As we actively seek to take the majority of our fees by way of equity payment in the respective companies we cover, we believe that we are aligned with both investor and the subject company.

Credit: Align Research

So that March 2021 report where Align called Argo Blockchain a “speculative buy” at 240 pence, you may want to take that with a grain of salt.

Conclusion

Crypto today seems to epitomize greater fool theory. The FOMO mania on display, the absolute disregard for the value of money, the blatant wash sales and scams, the exorbitant fees, these are all pointing to the crypto space as being far too risky to dabble in.

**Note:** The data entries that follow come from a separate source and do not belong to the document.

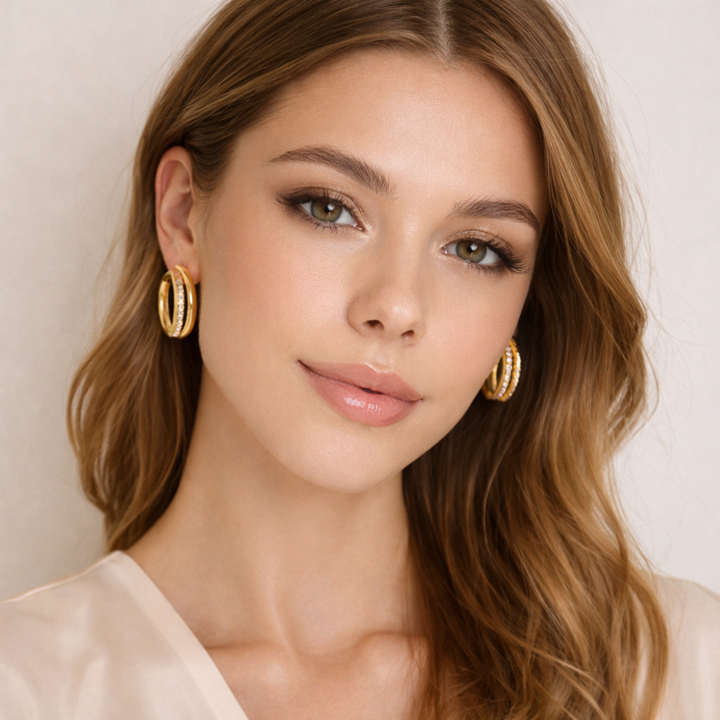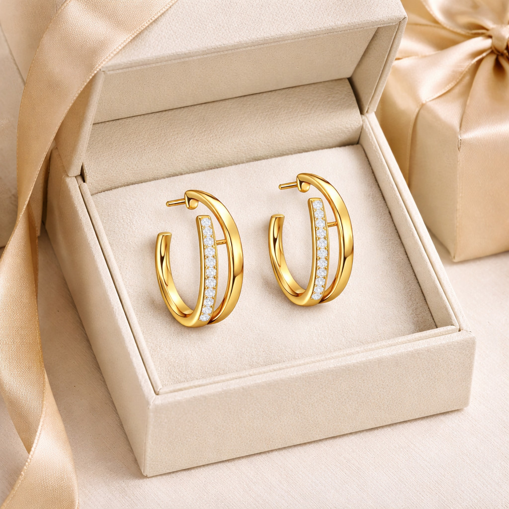 Designed for the modern woman, these earrings offer a perfect balance of minimalism and statement style. Their clean lines and contemporary aesthetic make them versatile enough to transition seamlessly from daytime elegance to evening glamour. A secure post-back closure ensures comfortable, all-day wear, while the refined finish reflects premium craftsmanship ideal for luxury gifting or personal indulgence.
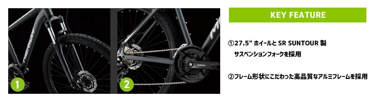 SR Suntour製フロントサスペンションや、MERIDA独自のパーツを採用した、高品質なトレイルバイク。
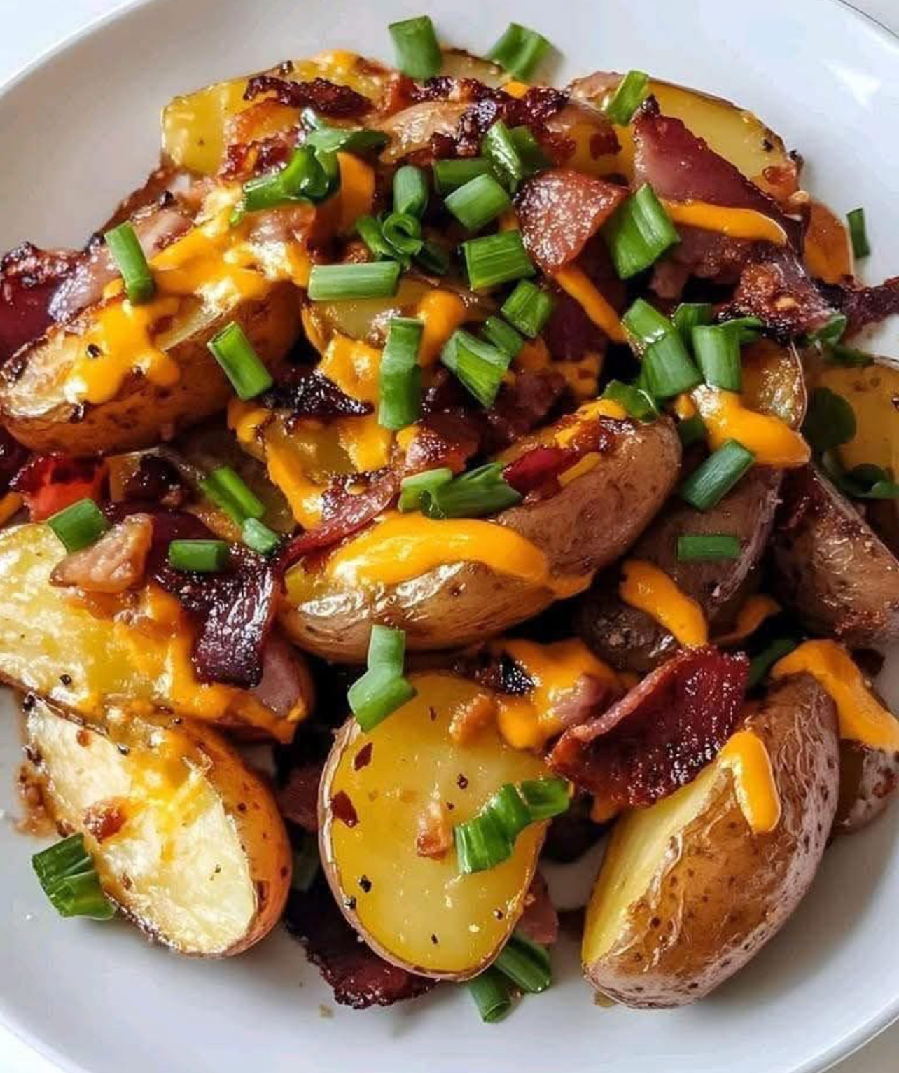 Add Cheese and Bacon: Reduce heat to low, sprinkle cheddar cheese and cooked bacon over the potatoes. Cover and cook for a few more minutes until the cheese is melted.
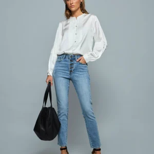 Jeans Skinny Botones Tiro Alto Pierna Ajustada
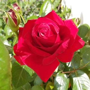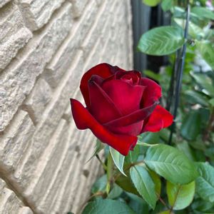 バラ イングリッドバーグマン♡ 我が家の自慢の真っ赤なバラ🌹 2番花が咲きました😊 ずいぶん高い位置で、撮影にも ひと苦労です💦
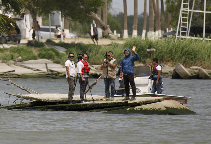 2022年5月2日,新华社驻墨西哥城记者在美墨边境采访,与新华社驻休斯敦记者隔河“相见”。(尼克·瓦格纳摄)
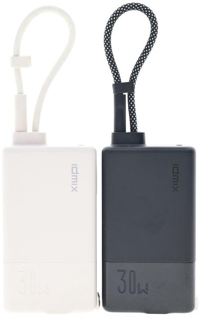 ▼米白版(左)與黑色版(右)IDMIX MR CHARGER CH10 Chill豆腐 30W雙模行動電源直出線

Looking at blockchain technology holistically, there’s definitely some “there there,” but right now we seem to be approaching Gartner’s “peak of inflated expectations.”

Retail investors need to proceed with extreme caution when looking for exposure to this space. If you’re able to remove company-specific risk in exchange for sacrificing a bit of upside, that’s probably a smart thing to do. We do not believe that the upside from whatever leverage is on offer from Argo Blockchain outweighs the added risks. If you want exposure to Bitcoin, buy Bitcoin from Coinbase and avoid Argo Blockchain stock.